X-Factor Gets It’s Own Algerian Muslim


Bookmark and Share

X-Factor #217 CoverAs if taunting right wing over-reactors, writer Peter David highlighted character Monet is a Muslim of Algerian descent.  In Marvel‘s X-Factor, New York City Mayor J. Jonah Jameson and members of X-Factor including Monet, Guido and Siryn deal with protesters who resemble last year’s “Ground Zero” protests.

David dares the venomous internet hate to be turned his way, by depicting the crowd as all white.  Their statements include these gems:

America for Americans.

We need to protect our borders.

We don’t need more Muslim terrorists getting in here.

Yeah!  They’re as bad as mutants!

X-Factor #217

That’s just some of the quotes in one panel alone.  Didn’t Marvel learn their lesson with depicting the Tea Party and white people?  To those hate tinged statements, mutant Monet responds with a bold declaration:

Oh, really? I’m a Muslim and a mutant…

And in a simple few pages the allegory of mutant plight shifted to speak for current tensions with Muslims here in America.  The “X” line of comics has traditionally been a great narrative of civil right and racial issues in the United States.

From it’s earliest days, it could easily be pigeonholed into being nothing more but a comic book version of the civil rights struggles that were being fought when the X-men first debuted in 1963.  With factions representing Malcolm X and Martin Luther King Jr it was easy to see there was more to this comic book series.  In the 80’s the focus turned to gay rights, with some mutants revealing they were gay and in one story line AIDS was discussed as a plague ravaged that community.

But today, David has shifted the focus to modern hate, that of Muslims.  He lays it right out there with these two statements by protesters:

All mutants want to take over the world.

and

And Muslims, too. It’s right in your sacred texts. You guys are at war with Christianity. And your mosques are really secret terrorist training camps.

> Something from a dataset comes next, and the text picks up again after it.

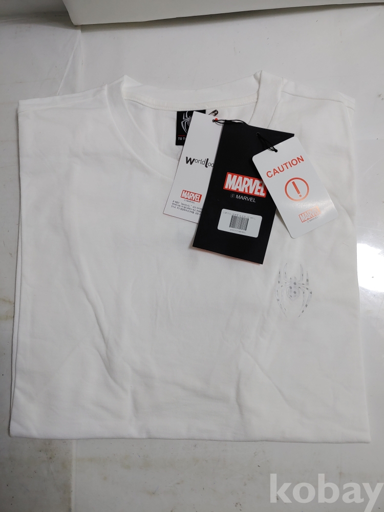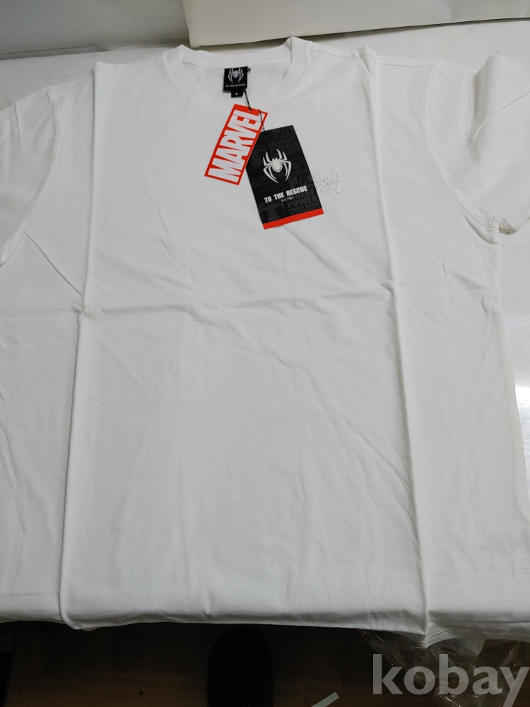 ★천원출발★ L-4-332 마블 스파이디 오버핏 흰색 반팔 티셔츠 (L)

Monet doesn’t respond with the best rebutal, that comes from white Mayor J. Jonah Jameson (the same guy who used to torture Spider-Man and run the Daily Bugle):

Funny thing: I keep hearing that from the far ends of the both sides: ‘We want our country back.’ Where’d it go? If neither side has it, then who took it? Guess what? I did.

Me and my big white ancestors. We came rolling in and took it from the people who were here in the first place. And right after we did that, we kidnapped people from Africa to help us build it. And now we’re all worried that karma’s coming back to bite us on the keister. So we got to fight back because otherwise a hundred years from now, we might be the ones living in reservations and dying a small pox.

We can do that. Keep everyone we’re afraid of out. Send intruders back where they came from, or maybe put ‘em in camps like World War II, ’cause we’re afraid they’re terrorists. Or maybe… And it’s a crazy idea, I know… Maybe we can stop treating everybody like they’re the damned enemy.

And there we have it, Peter David has a clear message for the white haters who have raged before.  As Andrew Belonsky at Death and Taxes points out:

Writer Peter David’s message starts to become clear: bigotry, real or imagined, toward Muslims or mutants, goes against the American grain, and treating “different” people like the enemy does the nation no favors.

It was an Algerian Muslim who launched the last round of protests from the right when one was made a Batman over at DC Comics.  Peter David seems to continue to dare society with this latest plot twist.  His writing has been very gay friendly, which has lead to honors from GLAAD for his portayal.

But, the question remains, will the right throw a hissy-fit like they did over Batman/Nightrunner?  If they do, they defeat their original claims their issue was with an unrealistic portrayal of Algerians and French.  But, likely this great series will fly under the radar of the hatemongers.

No matter what, David pushes the envelope, and has drawn a line in the sand.  He’s daring the right to respond, and we’ll see if they take up his clear challenge.